ノーグル: ここ数年で最も優れた編集の映画の 1 つは、マーガレット・シクセルがカットした『マッドマックス 怒りのデス・ロード』だと思います。この映画は何度も観ていますが、何が起こるか分かっていても、いつもドキドキしっぱなしです。シクセルが悲痛な場面を犠牲にすることなく、物語をエキサイティングで驚きに満ちたものに保ち続けていることに、本当に感動しています。それはまさにストーリーテリングのマスタークラスであり、監督と編集者が夫婦チームであるという点にも個人的に惹かれます。
リトワク: この映画は『恋人たちの予感』からインスピレーションを受けています。この作品は非常にシンプルで優雅で、他の多くのロマンティックコメディとは異なり、時代を超えた感覚を持っています。一方で、その魅力はキャラクターが100%であり、プロットはほとんどありません。再視聴すると、今、私たちは非常にプロットの重い時代に生きていると思わずにはいられませんでした。コロナ、トランプ、ソーシャルメディアなど、私たちの日常生活や他の人々とのつながりに影響を与えるものが多く存在します。この映画が古典だと思う理由はたくさんありますが、最も重要なのは、2人のキャラクターが互いにふさわしい存在であり、本当に深く理解しあっていると信じられることです。

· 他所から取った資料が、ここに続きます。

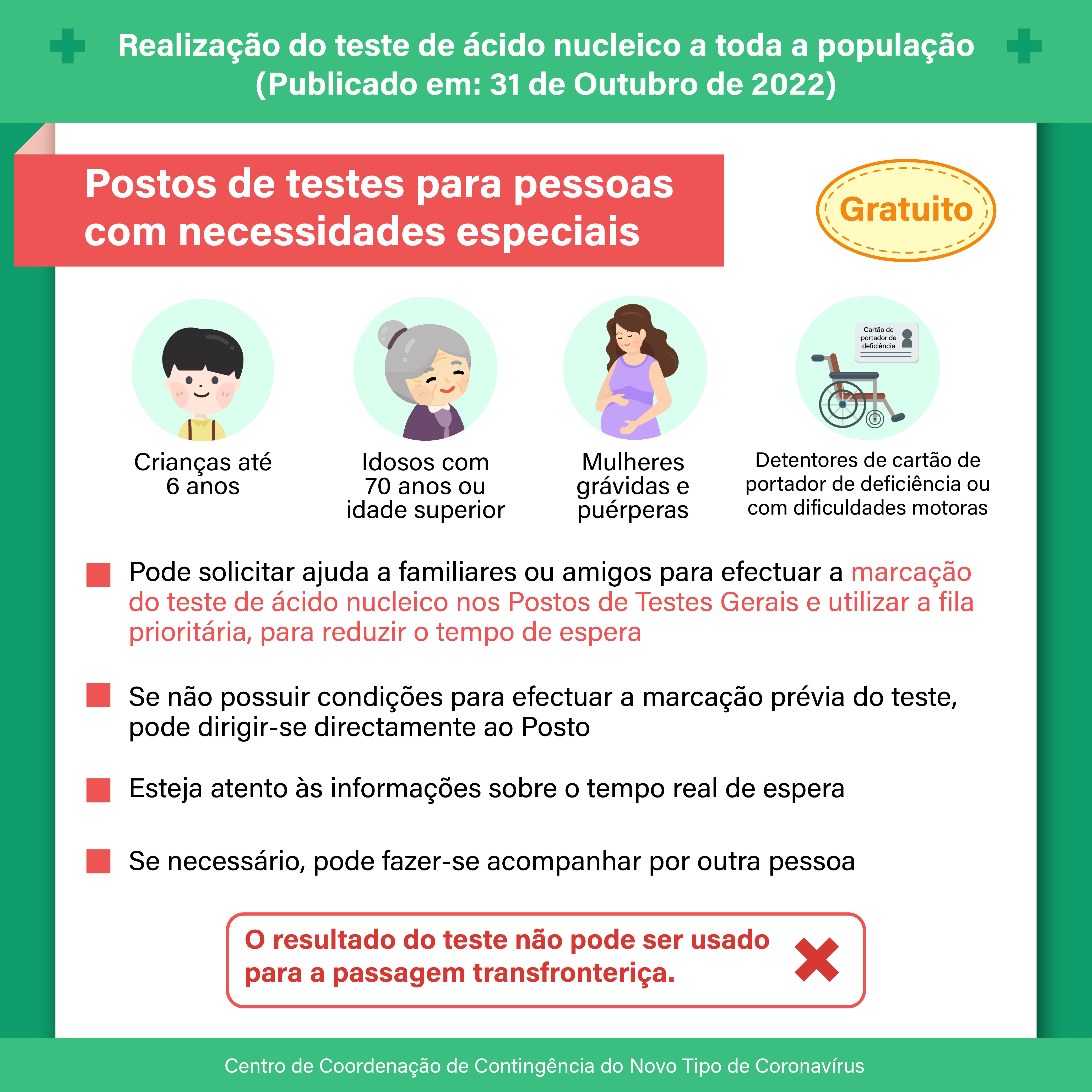 - Dispõem postos de testes destinados às pessoas com necessidades especiais, postos de testes gerais (com marcação obrigatória), postos de testes pagos (com marcação obrigatória).

これまでのキャリアで直面した最も困難なことを、どうやって乗り越えましたか? 意欲的な映画製作者やコンテンツクリエイターにアドバイスをお願いします
ノーグル: テレビや映画で働きたいという多くのエディター志望者が、どこから始めればいいかを尋ねてきます。しかし、具体的なアドバイスをするのは難しいです。なぜなら、人ぞれぞれの歩みは大きく異なるから。しかしひとつ言えることは、この業界での仕事の99%は、口コミや個人的なつながりから得られるということです。だから、最初にやるべきことは、できるだけ多くの人と一緒に仕事をすることであり、コミュニケーションが取れて働き方が似ている協力者を見つけることです。自分のキャリアを振り返ると、特定のプロジェクトが他のプロジェクトに繋がっていったことを思い出します。また、Senior Post社の共同オーナーであることは、この業界で働く多くの人々と出会うのに役立ちました。仕事が小さくても、一緒に働く人が好きで協力関係が良好な場合、彼らはおそらくあなたを次のプロジェクトに呼んでくれます。それらのプロジェクトは次第に大きくなり、あなたの夢のプロジェクトにつながることでしょう。
リトワク: 映画やテレビ業界で働くことの難しいところは、何かを何百万通りもの選択肢から「正しい」方法でやらなければならないと考えて、時間とエネルギーを無駄にする可能性があることです。不要なものと一緒に大切なものを捨てたくないでしょう?再発明したり疑問視する必要のないことだらけなんです。結局のところ「誰も何も知らない!」というウィリアム・ゴールドマンのアドバイスは正しいと思います。他の人が好きだと思うものを作ろうと時間を無駄にせず、自分が好きなものを作ることにエネルギーを注ぎましょう。
あなたの仕事場の写真を掲載します。一番気に入っているところはどこですか?
Image Source: Joanna Naugle.
ノーグル: 『Molli and Max In The Futur』はすべて自宅で編集しましたが、スケジュールを簡単に調整できるので、好きなだけ早く始めたり、遅くまで続けたりしてとても楽しかったです。そして、精神的なサポートとして愛犬のメイプルがそばにいることは不可欠でしたね。彼女は編集室の素晴らしいプロダクションアシスタントでした。
この記事は2023年03月10日(米国時間)に公開されたBehind the Scenes of Molli and Max In The Future: Crafting an out of this world rom-comの抄訳です。